Digital assets such as cryptocurrencies could become a threat to global financial stability due to their “the scale, structural vulnerabilities and growing interconnectedness with the traditional financial system”, a leading international body has warned.
The Financial Stability Board (FSB) has released a report warning of the risks of crypto-assets to financial stability. He focused on “unsupported” crypto-assets, stablecoins and decentralized platforms for funding and trading crypto-assets.
The FSB identified vulnerabilities, including liquidity mismatches and credit and operational risks, which it said made stablecoins vulnerable to sudden and disruptive runs on their reserves. Such events could ripple through short-term funding markets, he said. The report also cited the opacity and lack of regulatory oversight of the crypto-asset industry as a problem.
Meanwhile, the CFA Institute also raised similar concerns in a letter to Treasury Secretary Janet Yellen earlier this month.
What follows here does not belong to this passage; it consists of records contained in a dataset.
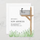 Este anúncio de mudança de orçamento permite que familiares e amigos conheçam seu novo endereço. Este anúncio de orçamento é impresso em papel e há versões de cartão na minha loja. É decorada com uma caixa de correio de aquarela e tipografia moderna. Você pode adicionar seu número de casa. Original Watercolor © Michele Davies.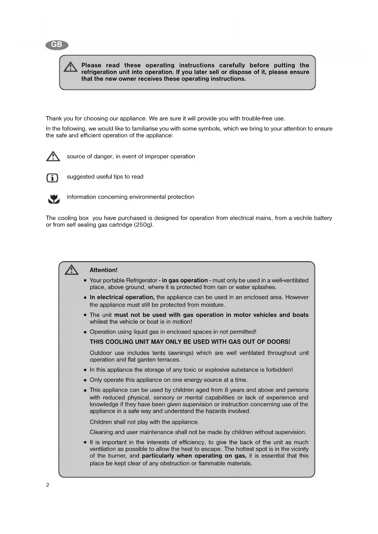 Thank you for choosing our appliance. We are sure it will provide you with trouble-free use. In the following, we would like to familiarise you with some symbols, which we bring to your attention to ensure the safe and efficient operation of the appliance: source of danger, in event of improper operation suggested useful tips to read information concerning environmental protection The cooling box you have purchased is designed for operation from electrical mains, from a vechile battery or from self sealing gas cartridge (250g). Please read these operating instructions carefully before putting the refrigeration unit into operation. If you later sell or dispose of it, please ensure that the new owner receives these operating instructions. Attention! Your portable Refrigerator - in gas operation - must only be used in a well-ventilated place, above ground, where it is protected from rain or water splashes. In electrical operation, the appliance can be used in an enclosed area. However the appliance must still be protected from moisture. The unit must not be used with gas operation in motor vehicles and boats whilest the vehicle or boat is in motion! Operation using liquid gas in enclosed spaces in not permitted! THIS COOLING UNIT MAY ONLY BE USED WITH GAS OUT OF DOORS! Outdoor use includes tents (awnings) which are well ventilated throughout unit operation and flat garden terraces. In this appliance the storage of any toxic or explosive substance is forbidden! Only operate this appliance on one energy source at a time. This appliance can be used by children aged from 8 years and above and persons with reduced physical, sensory or mental capabilities or lack of experience and knowledge if they have been given supervision or instruction concerning use of the appliance in a safe way and understand the hazards involved. Children shall not play with the appliance. Cleaning and user maintenance shall not be made by children without supervision. It is important in the interests of efficiency, to give the back of the unit as much ventilation as possible to allow the heat to escape. The hottest spot is in the vicinity of the burner, and particularly when operating on gas, it is essential that this place be kept clear of any obstruction or flammable materials.3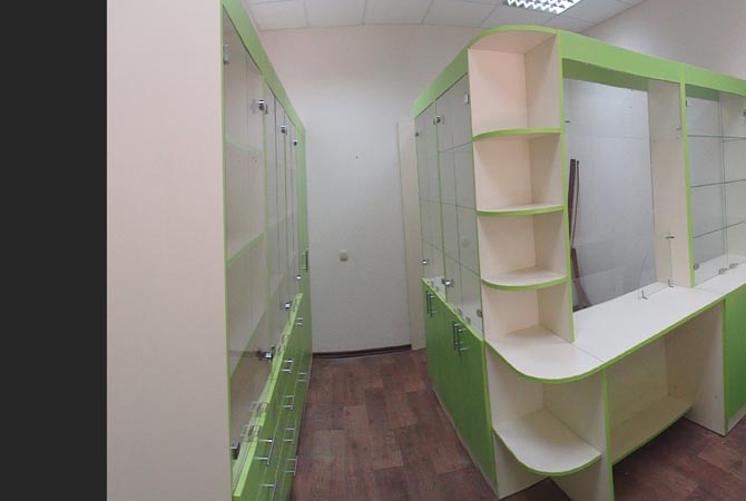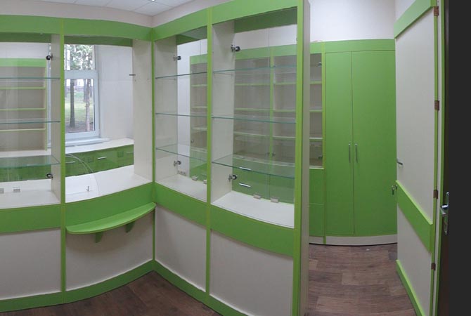 Угловая застекленная витрина с бело-зеленым корпусом подойдет для аптеки или небольшого магазина. Конструкция имеет безопасное кассовое окошко с прочной прозрачной перегородкой и удобную полочку для сумок покупателей. Витрина имеет большое рабочее пространство для кассового аппарата и документов.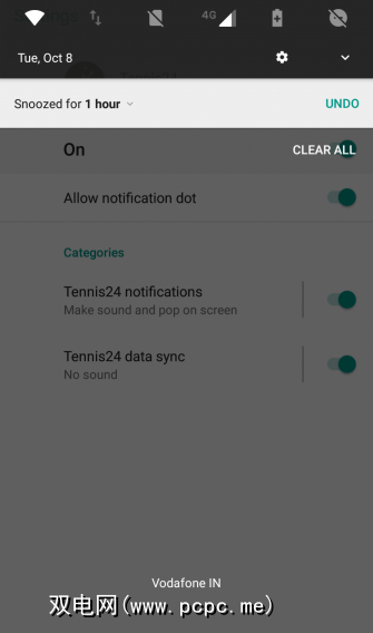 注意:。您显示的时钟图标是贪睡按钮。它不会关闭或禁用通知。相反,这可以让您在指定的时间段内暂时停止来自该应用程序的通知。

The organization’s Systematic Risk Council has called for regulatory action against the growing risks unregulated stablecoins pose to U.S. financial stability.
Citing delays in the legislative process, the CFA Institute urged policymakers to pursue other methods of regulation, including designating the use of stablecoins as consistently important payment, clearing, and settlement activities.
The institute also directed members of the Treasury Department’s Financial Stability Oversight Board to use their authority to regulate stablecoins, with an immediate concern being to limit the use of fractional-reserve stablecoins.
Elsewhere, Federal Reserve Governor Lael Brainard also stressed the need to address stablecoin risks.
“It is important that we prepare for the financial system of the future and that we do not limit our thinking to the financial system of today,” Brainard said in a speech at the United States Monetary Policy Forum in New York on February 18.
She continued: “It is also important to address settlement risk, where settlement of funds is not certain and final when expected, and systemic risk, where the failure or distress of a stablecoin provider could have an effect negative on the broader financial system.”
Brainard – the Fed’s vice-presidential candidate – announced that the bank is considering a possible US central bank digital currency, or ‘digital dOllar’. Such an asset could preserve part of the “safe and effective elements” of the current financial system while complementing private sector innovations that are transforming the financial landscape, she said.